After tweaking your vbscript quite a bit (and mine even more!)
Set fso = CreateObject("Scripting.FileSystemObject")
arritems = split(fso.OpenTextFile("junip.txt", 1).readall,vbcrlf)
Set Dict1 = CreateObject("Scripting.Dictionary")
for i=0 to ubound(arritems)
bad="*** incomplete data: line "+cstr(i)+" ***"
a=split(arritems(i),"~")
if ubound(a)=1 then
if a(1)="" then a(1)=bad
If Not Dict1.Exists(a(0)) Then
Dict1.Add a(0),a(1)
else
test=dict1.item(a(0))
p=instr(test,a(1))
if p=0 then dict1.item(a(0))=test+"~"+a(1)
End If
else
if ubound(a)=0 then dict1.add a(0),bad
end if
Next

set z=fso.opentextfile("diffs",2,true)
set y=fso.opentextfile("audio",2,true)
for each key in dict1.keys
a=split(dict1.item(key),"~")
n=ubound(a)
if n>0 then
for i=0 to n
z.writeline key+"~"+a(i)
'enable the foll line IF you also want the "diffs" in the main file as well
y.writeline key+"~"+a(i)
next
else
y.writeline key+"~"+a(0)
end if
next
z.close
y.close

edited to save face. This one really made me look dumb, and i hate to leave turds in the path of future walkers. :-(


Report •

#2
March 11, 2013 at 01:54:04
Your batch file works perfectly - as I was acquainted with the much simpler sort of batch file I am always amazed what you can get them to do! Unfortunately the VBS script produces error 800A0009 at line 21:1 - key=a(0) - subscript out of range 'number: 0'. Can't see anything obvious but then I don't think I could have worked out coding like yours with my limited knowledge. Any ideas what it could be?

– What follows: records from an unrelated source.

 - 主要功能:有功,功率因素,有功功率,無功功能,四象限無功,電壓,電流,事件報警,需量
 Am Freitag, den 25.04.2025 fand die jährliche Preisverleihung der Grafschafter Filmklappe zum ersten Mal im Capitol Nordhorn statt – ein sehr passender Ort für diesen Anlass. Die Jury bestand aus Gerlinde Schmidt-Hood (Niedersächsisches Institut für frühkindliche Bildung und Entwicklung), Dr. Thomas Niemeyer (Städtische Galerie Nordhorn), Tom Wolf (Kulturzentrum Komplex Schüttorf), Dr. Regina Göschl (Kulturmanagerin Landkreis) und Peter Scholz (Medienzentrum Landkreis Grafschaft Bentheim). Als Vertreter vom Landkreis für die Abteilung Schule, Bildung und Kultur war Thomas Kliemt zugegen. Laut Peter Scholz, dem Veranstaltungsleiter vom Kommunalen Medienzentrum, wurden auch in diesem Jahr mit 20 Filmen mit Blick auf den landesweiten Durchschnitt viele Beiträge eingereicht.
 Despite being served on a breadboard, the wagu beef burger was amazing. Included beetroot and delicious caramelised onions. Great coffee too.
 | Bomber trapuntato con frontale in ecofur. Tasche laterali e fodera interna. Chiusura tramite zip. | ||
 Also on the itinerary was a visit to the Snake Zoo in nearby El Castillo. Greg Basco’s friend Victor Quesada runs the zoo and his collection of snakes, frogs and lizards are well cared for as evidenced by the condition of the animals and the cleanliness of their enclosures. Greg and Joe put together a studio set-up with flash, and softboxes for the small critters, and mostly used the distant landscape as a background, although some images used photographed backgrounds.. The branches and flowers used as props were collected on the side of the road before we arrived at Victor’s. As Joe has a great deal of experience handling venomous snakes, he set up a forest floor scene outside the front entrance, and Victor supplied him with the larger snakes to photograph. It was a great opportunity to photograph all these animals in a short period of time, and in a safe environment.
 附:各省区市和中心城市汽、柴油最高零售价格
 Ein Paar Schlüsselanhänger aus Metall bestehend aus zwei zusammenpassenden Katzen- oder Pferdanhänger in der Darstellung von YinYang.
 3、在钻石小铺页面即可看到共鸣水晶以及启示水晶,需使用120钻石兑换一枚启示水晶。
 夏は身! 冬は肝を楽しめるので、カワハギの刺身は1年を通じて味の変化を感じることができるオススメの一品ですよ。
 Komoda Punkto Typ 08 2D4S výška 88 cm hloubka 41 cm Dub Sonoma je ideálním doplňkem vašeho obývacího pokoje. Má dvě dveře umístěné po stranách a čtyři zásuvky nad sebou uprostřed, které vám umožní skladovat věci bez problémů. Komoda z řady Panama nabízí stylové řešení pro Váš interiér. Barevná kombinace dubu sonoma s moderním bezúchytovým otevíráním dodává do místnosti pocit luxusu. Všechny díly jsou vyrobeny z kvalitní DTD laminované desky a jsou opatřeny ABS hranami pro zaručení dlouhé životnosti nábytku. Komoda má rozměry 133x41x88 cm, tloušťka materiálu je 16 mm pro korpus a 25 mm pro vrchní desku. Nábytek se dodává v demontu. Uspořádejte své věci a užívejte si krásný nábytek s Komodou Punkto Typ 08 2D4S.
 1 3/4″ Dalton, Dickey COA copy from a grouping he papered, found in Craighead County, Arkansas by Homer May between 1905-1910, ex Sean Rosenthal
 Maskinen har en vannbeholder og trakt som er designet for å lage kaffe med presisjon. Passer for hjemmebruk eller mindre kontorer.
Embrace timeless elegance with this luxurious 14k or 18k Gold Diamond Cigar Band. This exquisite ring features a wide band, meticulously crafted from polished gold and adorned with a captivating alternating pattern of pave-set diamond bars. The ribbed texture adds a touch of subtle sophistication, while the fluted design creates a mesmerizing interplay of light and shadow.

Thank you once again for your support


Report •

#3
March 11, 2013 at 08:23:56
For contrast, here's a Perl solution.

#!/usr/bin/perl

use 5.10.1;
use strict;
use warnings;
use Carp;
use List::Util qw(first);

my $input = 'Audio_list.txt';
my %titles;

open my $fh, '<', $input or croak "failed to open '$input' $!";
while ( my $line = <$fh>) {
    chomp $line;
    my ($title, $artist) = (split(/[~*]/x, $line))[0,1];
    unless ( first { $_ eq $artist } @{$titles{$title}} ) {
        push @{$titles{$title}}, $artist;
    }
}
close $fh;

for my $title (sort keys %titles) {
    for my $artist ( sort @{$titles{$title}}) {
	say join('~', $title, $artist) if @{$titles{$title}} > 1;
    }
}


Report •

Related Solutions

#4
March 11, 2013 at 09:58:34
JuniperGreen: Any ideas what it could be?
Your input file probably has a blank line, or a line composed of whitespace, or something.

For reference, this is my version. It handles blank lines, but requires you to have .NET installed.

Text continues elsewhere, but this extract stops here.